Seguiram o entendimento da Ministra Cármen Lúcia, no julgamento virtual, os Ministros Edson Fachin (Presidente do STF), André Mendonça, Dias Toffoli, Nunes Marques, Gilmar Mendes e Alexandre de Moraes.
Desta forma 7 (sete) ministros votaram divergindo do Relator para indeferir a medida cautelar em relação à suspensão da eficácia do art. 5º da Lei Complementar 229/2026 do Rio de Janeiro, mantendo-se válida a norma que prevê que a desincompatibilização dos cargos e funções elencados na Lei Federal Complementar 64/1990 deverá ocorrer no prazo de 24 (vinte e quatro) horas após a ocorrência do fato da dupla vacância.

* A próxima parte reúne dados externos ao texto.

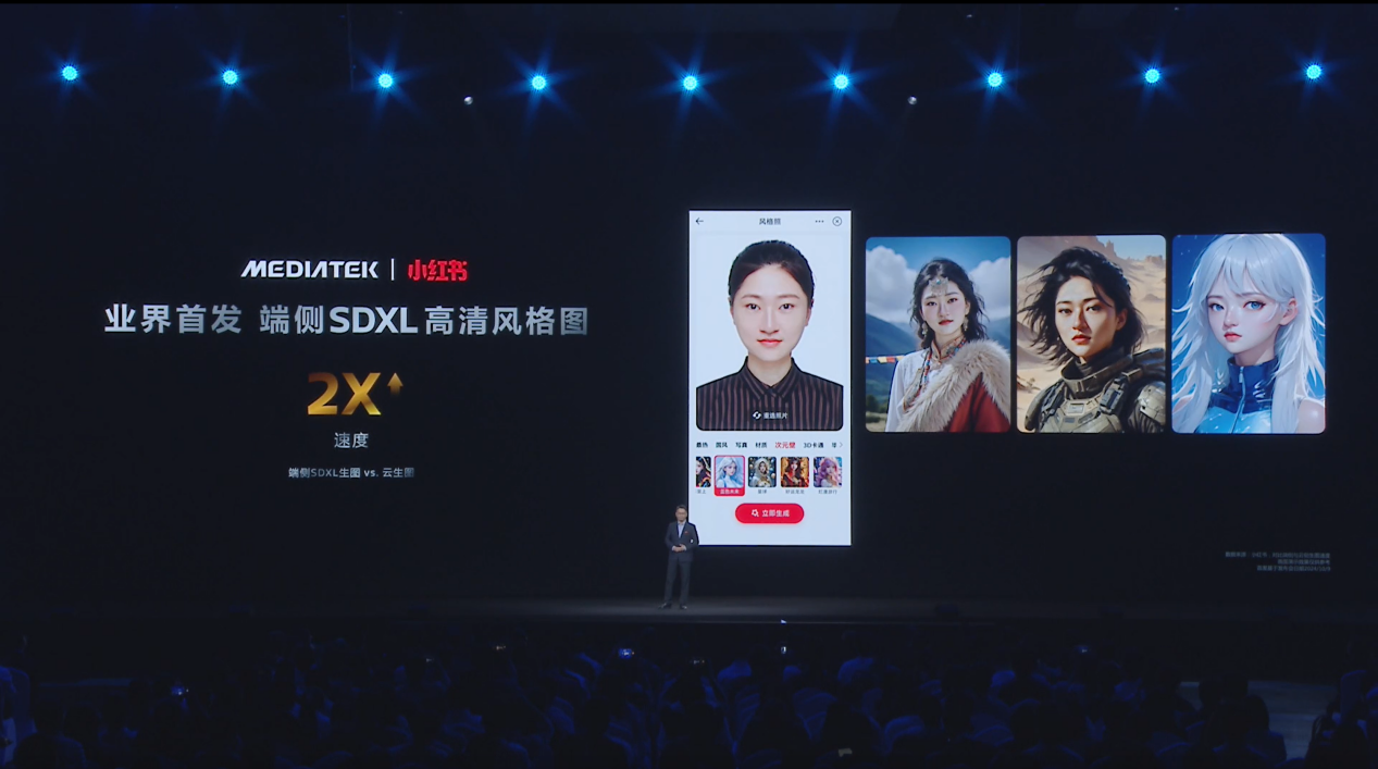 而在功能落地方面,联发科已经和小红书深度合作,首发推出端侧 SDXL 高清风格图,可以将用户的个人照片通过端侧的 AI 处理生成各种风格的魔幻照片,而且相比云端平均生成时长还要快 2 倍,本地 AI 运算快速的优势体现出来了。

Já quanto ao deferimento da medida cautelar para suspender a eficácia: “da expressão ‘nominal, aberta’ constante do art. 11, caput, da Lei Complementar n. 229/2026 do Estado do Rio de Janeiro”, por consequência estabelecendo o voto secreto, somaram-se 8 (oito) ministros, no julgamento virtual: Luiz Fux, Cármen Lúcia, Edson Fachin (Presidente do STF), André Mendonça, Dias Toffoli, Nunes Marques, Gilmar Mendes e Alexandre de Moraes.
O Ministro Alexandre de Moraes, no entanto, em seu voto, abriu nova divergência “à luz do Princípio da Máxima Efetividade dos Direitos Fundamentais” afirmando que o caso em tela deve ter “como premissa à centralidade da soberania popular”, defendendo o “o sufrágio universal e o voto direto” como “instrumentos privilegiados de concretização desse postulado”.
No seu voto, ao analisar o caso concreto em julgamento, o ministro afirmou que:
A cassação do diploma pela Justiça Eleitoral, quando restarem mais de seis meses de mandato, exige NOVAS ELEIÇÕES DIRETAS, conforme exige o art. 224 do Código Eleitoral, exceto se ocorrida à menos de seis meses do fim do mandato:
Art. 224. Se a nulidade atingir a mais de metade dos votos do país nas eleições presidenciais, do Estado nas eleições federais e estaduais ou do município nas eleições municipais, julgar-se-ão prejudicadas as demais votações e o Tribunal marcará dia para nova eleição dentro do prazo de 20 (vinte) à 40 (quarenta) dias.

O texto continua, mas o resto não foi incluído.